Electronic Wallet and Spot Trading: Building a Complete Ecosystem
Jedd Finn, head of Morgan Stanley Wealth Management, stated that with the continuous development of infrastructure, the bank will be better able to connect the traditional finance (TradFi) and decentralized finance (DeFi) ecosystems. The launch of the electronic wallet is a concrete embodiment of this vision—it not only enhances user experience but also provides clients with a secure asset custody solution.

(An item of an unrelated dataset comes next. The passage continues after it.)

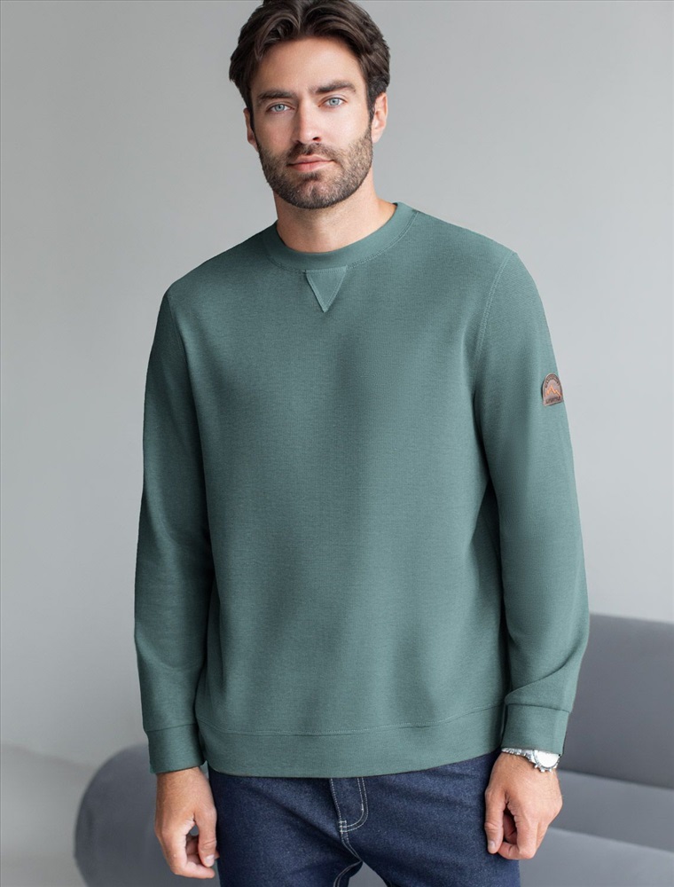 Легкий и невероятно комфортный джемпер изумрудного цвета создан для повседневного образа. Мягкий фактурный эластичный трикотаж приятно ощущается на теле, не сковывает движения и отлично подходит для носки в любое время года. Полуприлегающий крой обеспечивает свободу и удобство, позволяя выглядеть стильно и чувствовать себя уверенно каждый день. Круглый ворот украшен декоративной нашивкой в виде перевернутого треугольника, добавляющей оригинальности.. Манжеты на рукавах и по низу аккуратно оформлены, что придает завершенность внешнему виду и способствует сохранению формы джемпера после длительной носки и многочисленных стирок. На груди нашивка из экокожи в виде логотипа бренда, подчеркивающая индивидуальность каждого мужчины.

At the same time, Morgan Stanley submitted an S-1 registration statement to the U.S. Securities and Exchange Commission (SEC), applying for the issuance of Bitcoin, Ethereum, and Solana spot ETFs, further strengthening its compliant layout in the crypto asset field. Currently, BTC is priced at $90.02K, ETH at $3.02K, and SOL at $130.03. These mainstream crypto assets have gradually become standard in institutional portfolios.

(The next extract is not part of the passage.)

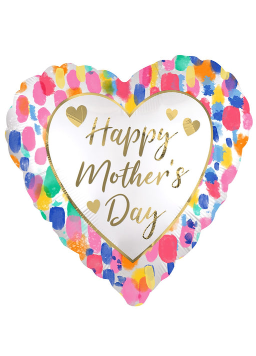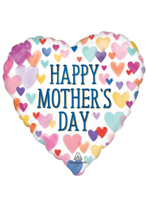 Pretty satin colourful heart shaped Happy Mother's Day 17" foil balloon. Click & Collect orders: Balloon supplied inflated with helium. Deliv...

From Conservative to Radical: Morgan Stanley’s Crypto Transformation
January 2024 marks an important watershed in the development of crypto assets. When the U.S. officially approved the listing and trading of Bitcoin spot ETFs, Morgan Stanley judged that this represented a “paradigm shift in global recognition and usage of digital assets.” Subsequent data fully verified this foresight—the cumulative trading volume of Bitcoin spot ETFs since their listing has exceeded $1.6 trillion, and the total assets under management (AUM) of 11 Bitcoin ETFs in the U.S. amount to about $130 billion.

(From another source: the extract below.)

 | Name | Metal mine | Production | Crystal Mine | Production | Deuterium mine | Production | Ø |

Later in the second half of 2024, Morgan Stanley opened its wealth management advisors to recommend Bitcoin spot ETFs to some high-net-worth clients. In just one year, the bank further expanded the accessibility of crypto assets, opening related investments to all client accounts, including retirement accounts. This series of accelerated moves is a microcosm of traditional financial institutions’ attitude shift. Among them, the IBIT issued by BlackRock, due to its fastest growth rate, has become a market focus.
Wall Street Collective Anxiety: No One Wants to Be Marginalized
Morgan Stanley’s aggressive expansion is not an isolated case. Rumors suggest that JPMorgan Chase is also evaluating whether to offer crypto spot and derivatives trading services to institutional clients, fearing falling behind in this digital revolution.
Bitwise Chief Investment Officer Matt Hougan succinctly summarized the current market reality: institutions are rushing full speed into cryptocurrencies and regard them as a business priority. This far exceeds the superficial understanding of “institutions gradually accepting cryptocurrencies.” Morgan Stanley’s decision to launch an electronic wallet is strong evidence of this systemic shift.